The Coqualeetza Elders group received a poster stating, “To Survivors and Family Members of Survivors of Indian Residential Schools, We lift our hands to honour your Courage and your Spirit. From Agassiz Christian School.’ The poster was signed by staff and students at the school during a chapel service that spent time focusing on the tragic history of Canada’s First Nations as well as traditional song and dance presented to the students.
“We were reminded of the residential schools and the sadness around the residential school era, as well as our desire to build bridges with First Nations communities,” says principal John Zeidhoff. “This was indeed a very tragic time for them, and we wanted to show our support.”
The poster was presented to the Coqualeetza Elders group, a multi-Aboriginal group with members from many nations including Sto:lo, Sts’ailes, Haida, Metis and Ojibway, among others. It was presented during a gathering hosted by the Chilliwack Native Pentecostal Church in Sardis on Wednesday, June 11.

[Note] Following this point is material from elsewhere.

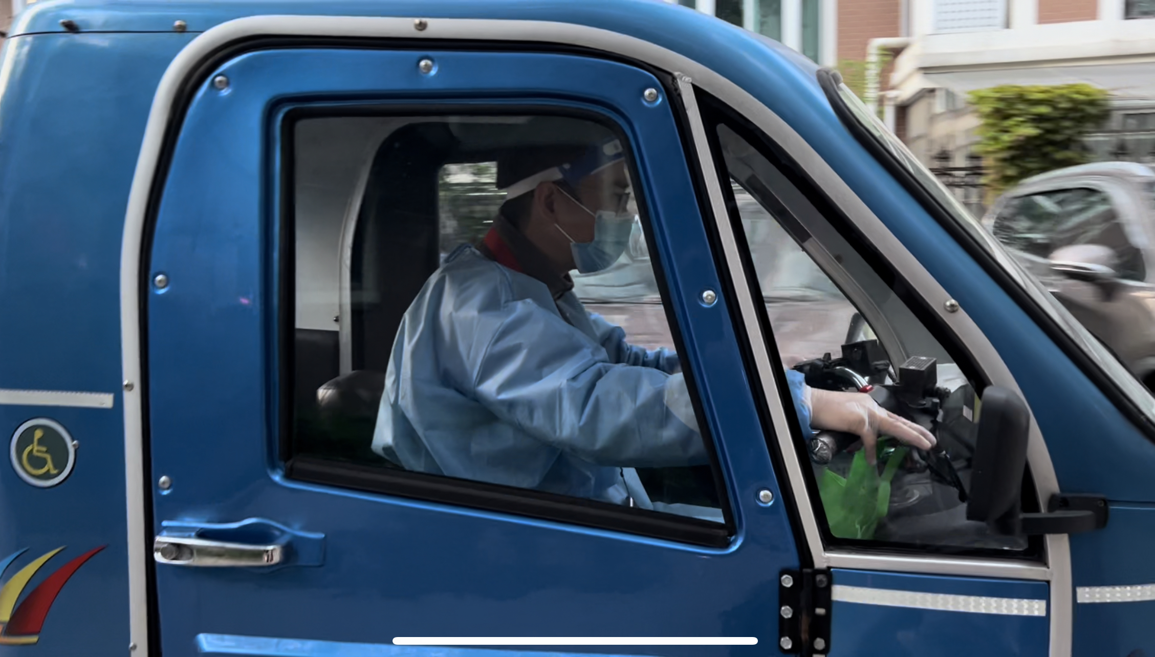 陈烨肢体有残疾。小区封闭后,他立马报名当志愿者,并且表示,自己的残疾车能装很多东西,他愿意“贡献”出来,把它变成各类物资的运输车。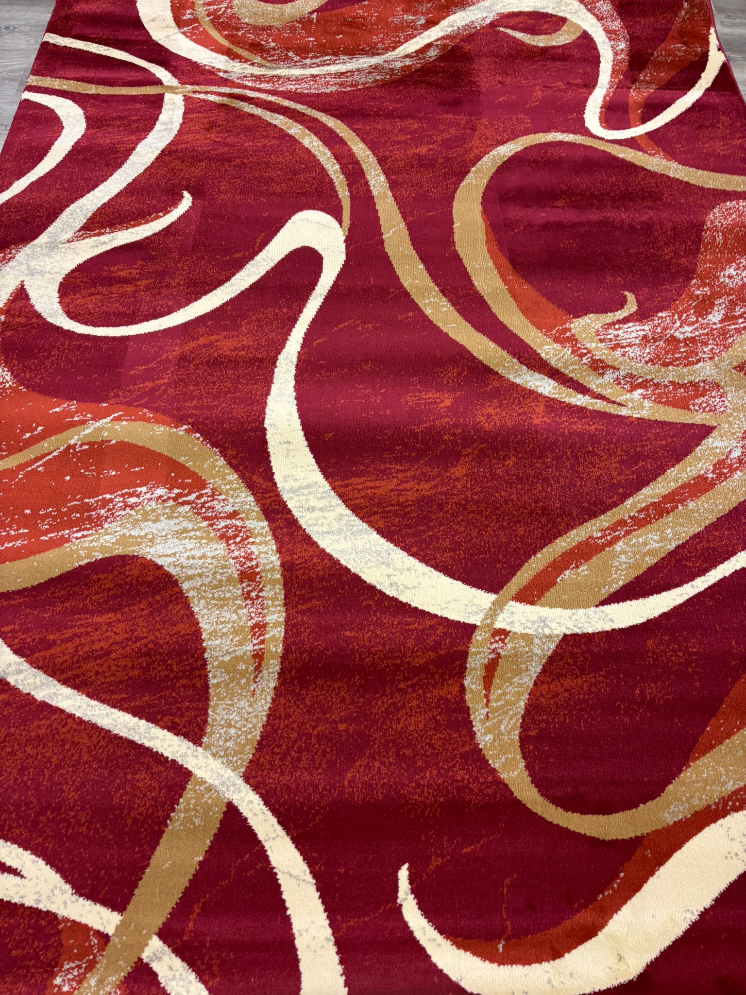 Transform your space with this dynamic red abstract rug featuring elegant golden and cream swirls. The bold design adds movement and warmth to any room, making it an ideal centerpiece for contemporary living rooms, bedrooms, or entryways.

Agassiz resident and Sts’ailes member Shirley Leon is a member of the Coqualeetza Elders group. She says the gesture made a deep impact on those gathered to have that suffering acknowledged by local students.
“For these children to learn about it has touched our heart deeply,” says Leon. “That is tremendous.”
While Leon was not a residential school survivor, she says all First Nations people have been affected by a colonialistic system and there were just as many “atrocities” in the federal day schools. She lays little hope in the reports that come out from the federal government and says it will be steps like those taken by students at Agassiz Christian that will bring real healing to this land and its peoples.
“To me, all that money spent [on residential school reports] is not going to do as much good as what these little children did, in this small little community in little old Agassiz,” says Leon. “It’s hard to find the words to express how wonderful it was to have that gesture and acknowledgement.”
Harvey Andrew, a Chawathil Band member living in Agassiz, was also at the Coqualeetza Elders group for the presentation.
“I was quite surprised,” says Andrew of the poster and its message. “It lifted me. We are not so invisible anymore.”
Andrew’s mother attended residential school and says while she never talked about it to him, it certainly had an impact on his upbringing.
“We definitely do need healing,” says Andrew. “We have to give it some time.”